Question

A uniform rod of mass $m$ and length $l$ rotates in a horizontal plane with an angular velocity $\omega$ about a vertical axis passing through one end. The tension in the rod at a distance $x$ from the axis is

• A. $\frac{1}{2}\mspace{6mu} m\omega^{2}x$
• B. $\frac{1}{2}\mspace{6mu} m\omega^{2}\frac{x^{2}}{l}$
• C. $\frac{1}{2}m\omega^{2}l\left( 1 - \frac{x}{l} \right)$
• D. $\frac{1}{2}\frac{m\omega^{2}}{l}\lbrack l^{2} - x^{2}\rbrack$

Answer 1

Answer: (D)

$\frac{1}{2}\frac{m\omega^{2}}{l}\lbrack l^{2} - x^{2}\rbrack$

Answer 2

Let rod AB­ performs uniform circular motion about point A. We have to calculate the tension in the rod at a distance x from the axis of rotation.

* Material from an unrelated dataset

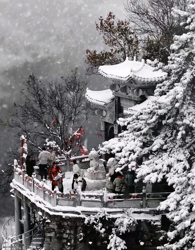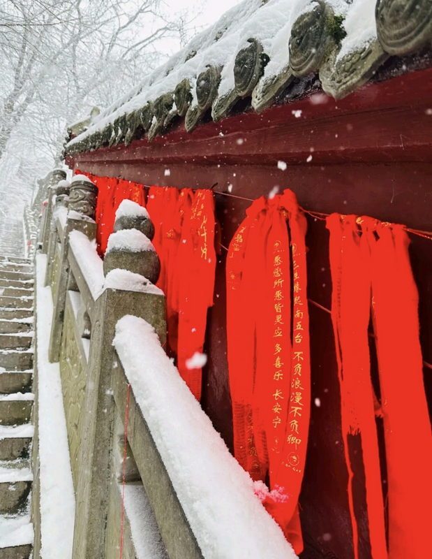瑤臺仙境的煙火氣息,當(dāng)夜幕降臨燈光亮起,南五臺又呈現(xiàn)出另一番迷人的景象:飛檐斗拱被勾勒出清晰的輪廓,暖黃色的燈光映照在雪地上,為這清冷的冬夜增添了幾分溫暖。

Let mass of the small segment at a distance x is dm

So

$dT = dm\omega^{2}x$

$= \left( \frac{m}{l} \right)dx.\omega^{2}x = \frac{m ⥂ \omega^{2}}{l}$

[x d x]

Integrating both sides $\int_{x}^{l}{dT} = \frac{m\omega^{2}}{l}\int_{x}^{l}{xdx} \Rightarrow$

$T = \frac{m\omega^{2}}{l}\left\lbrack \frac{x^{2}}{2} \right\rbrack_{x}^{l}$

∴ $T = \frac{m\omega^{2}}{2l}\left\lbrack l^{2} - x^{2} \right\rbrack$